My rating: 3 of 5 stars
I have a love/hate relationship with literary prequels/sequels. I usually dislike them but I can’t seem to stay away. This one I didn’t hate. I didn’t love it either and honestly, this did not have to be about Victor Frankenstein to make it work and that, to me, is a weakness. Oppell very obviously did study the source material (though there is one detail I wonder if it was there but it’s been forever since I’ve read the book). The family is right for the character with the exception of the addition of Victor’s twin brother, Konrad.
They are identical in all ways. Together they find a hidden ‘Dark Library’ in a hidden vault within the honeycomb of secret passages in Castle Frankenstein. Alphonse Frankenstein, their father, warns them and their cousin and constant companion, Elizabeth from ever going there again. It’s too tempting for Victor how has a fascination with the alchemy and sorcery he finds there.
However, when his twin falls gravely ill from something that looks suspiciously like an autoimmune disease or leukemia (though the symptoms don’t quite fit), Victor turns to the Dark Library once more. In the actual Frankenstein book, Victor did have a deep interest in alchemists such as Cornelius Agrippa, Von Honheim (Paracelsus), and Albertus Magnus and this book gives him reason to. Victor finds the hidden, half burned tome that will decode the Gibberish alchemy texts were coded in.
His mother’s head maid turns him onto Dr. Polidori, someone who had been a successful alchemist until someone died and Victor’s own father barely saved the man from hanging. Polidori is now crippled and wheelchair bound with Krake, a lynx, as his companion. Polidori promises to help decode the text and make the Elixir of Life for Victor.

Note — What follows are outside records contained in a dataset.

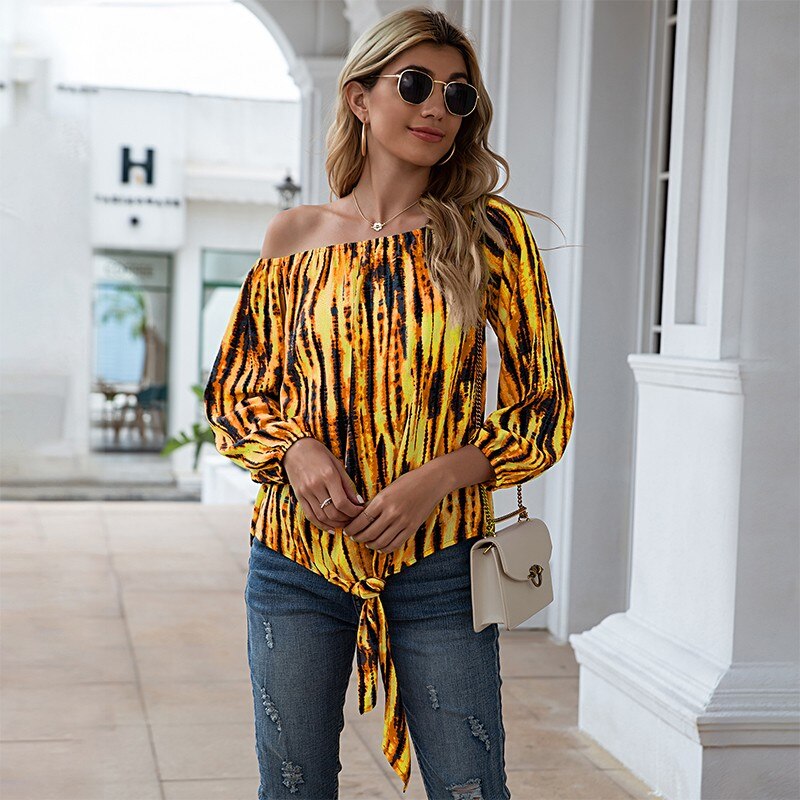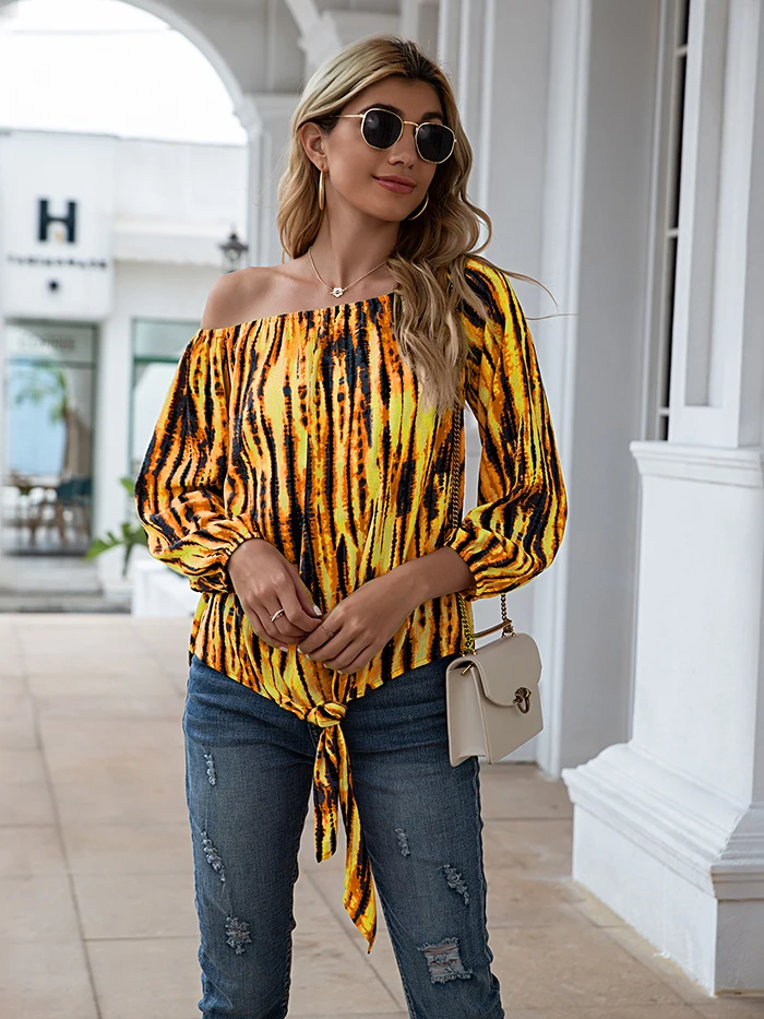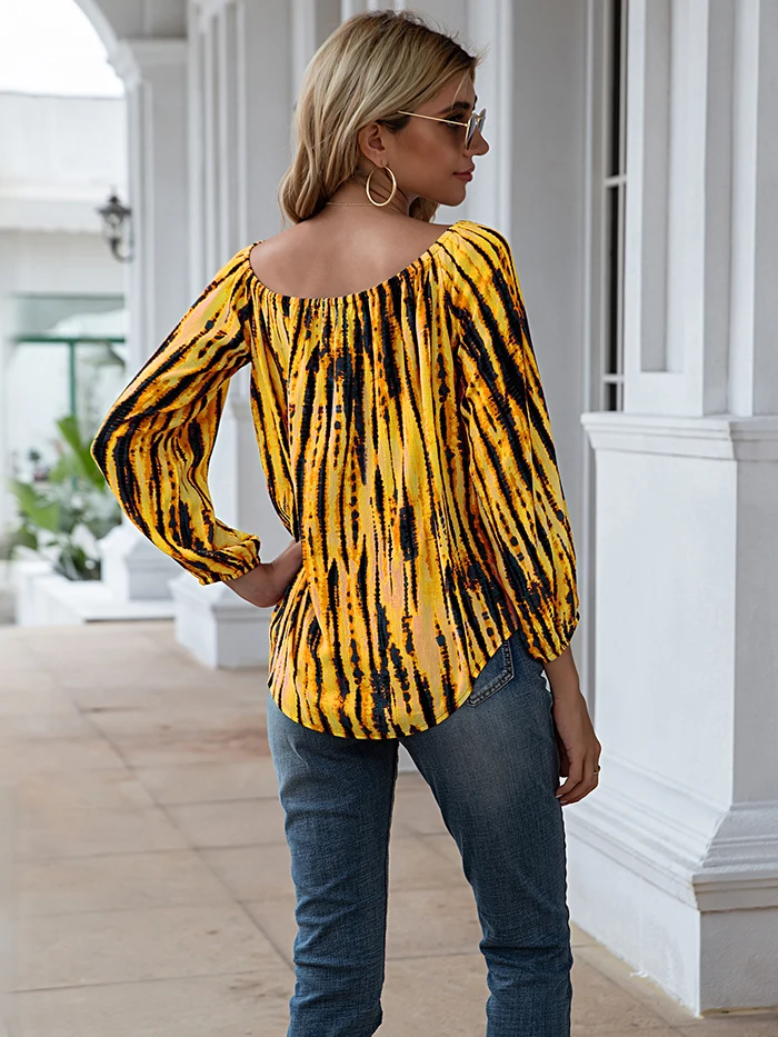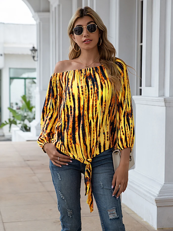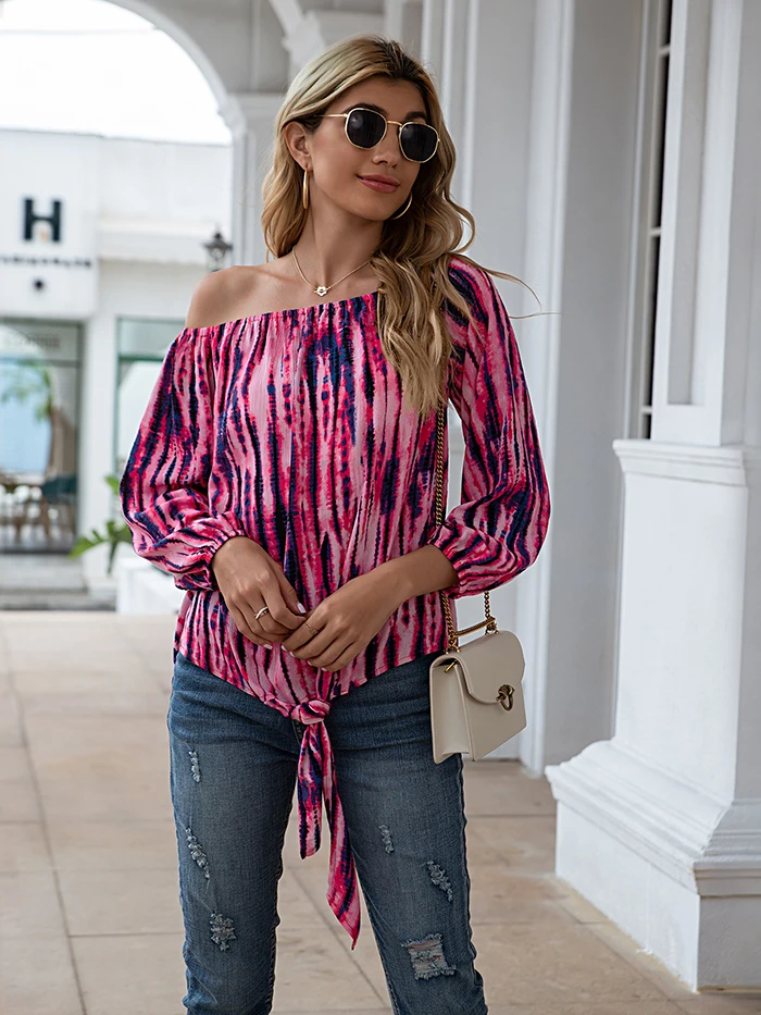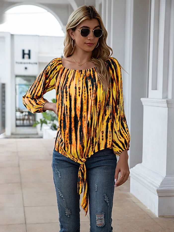 Summer Tie Dye Slash Neck Long Sleeve T Shirt Women Casual Loose Plus Size Bandage Streetwear Daily Workwear Tops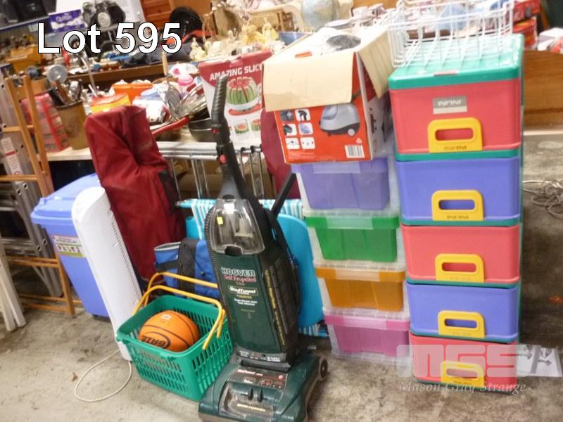 HOOVER UPRIGHT VACUUM, VERTICAL FAN, CLOTHES AIRER, OUTDOOR CHAIRS, ETC
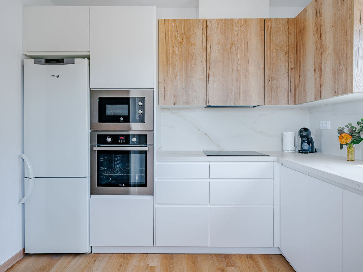 Grande cuisine (four, lave-vaisselle, 4 plaques vitrocéramiques, grille-pain, bouilloire électrique, micro-ondes, congélateur, cafetière électrique).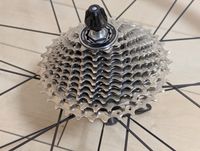 今回のメンテナンスでスプロケットについても交換をしてもらいました。直ちに交換が必要なほど痛んでいたわけではないですが、ホイールもリアディレイラーもチェーンリングも交換になるので、この機会に合わせて交換したものです。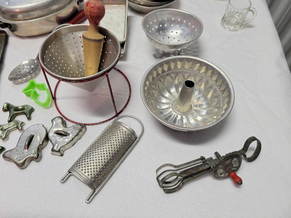 Vintage bakeware: muffin molds, pie & cake molds, cookie cutters. Vintage pots, Blue Bedroom Set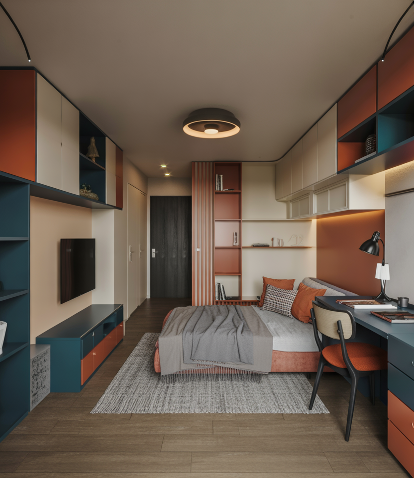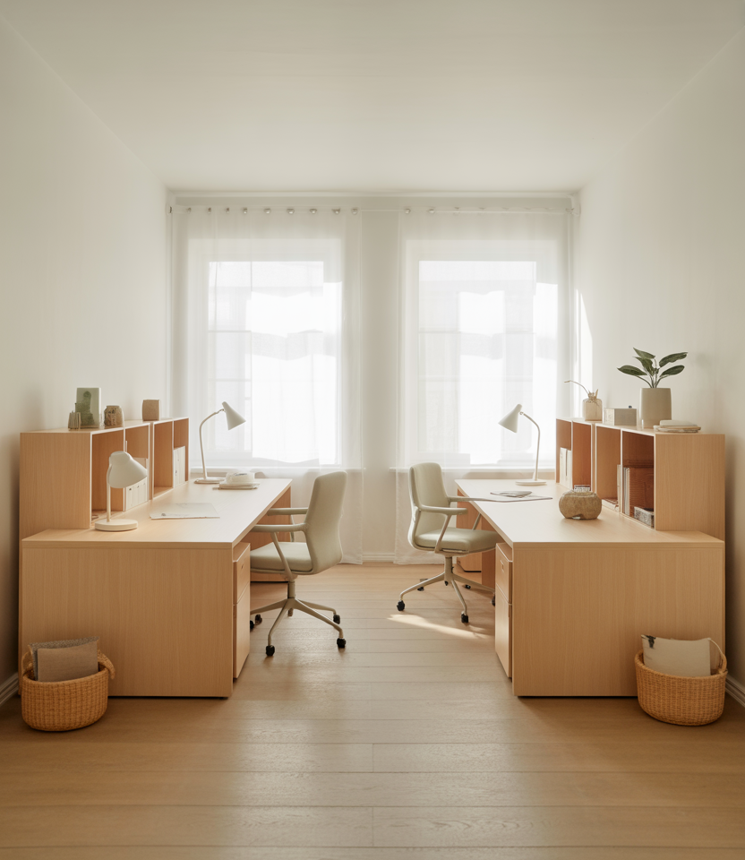 A Scandinavian style works surprisingly well for two people living in the same studio because of its emphasis on harmony and simplicity. Neutral palettes and minimalist furniture help reduce visual noise, keeping shared living peaceful. It’s ideal for couples or roommates who value clarity, comfort, and an airy mental atmosphere in a compact home.

In his quest to make the Philosopher’s Stone, Victor, accompanied by the fiery Elizabeth and his poet friend, Henry, have to track down three nearly impossible ingredients and they have to do it before Konrad dies.
In the middle of this, it takes a dark bounce when Victor realizes he and his twin are in love with Elizabeth (and if you’ve read the source material you know how this turns out). However his is a devious and jealous manipulative love which frankly takes him down several pegs in my eyes. This, along with the very dark and over the top ending took it from four stars down to three. That said, it ends right where I figured it would. Warning both man and beast suffer greatly at various points so it’s not for the sensitive. It’s going to be a movie (well kudos for not being yet another 70’s TV show option) and there is another book to come. Also kudos to the author for the in-joke with the alchemist being named Polidori. If you don’t know who John Polidori really was, I’ll let you explore the joke on your own.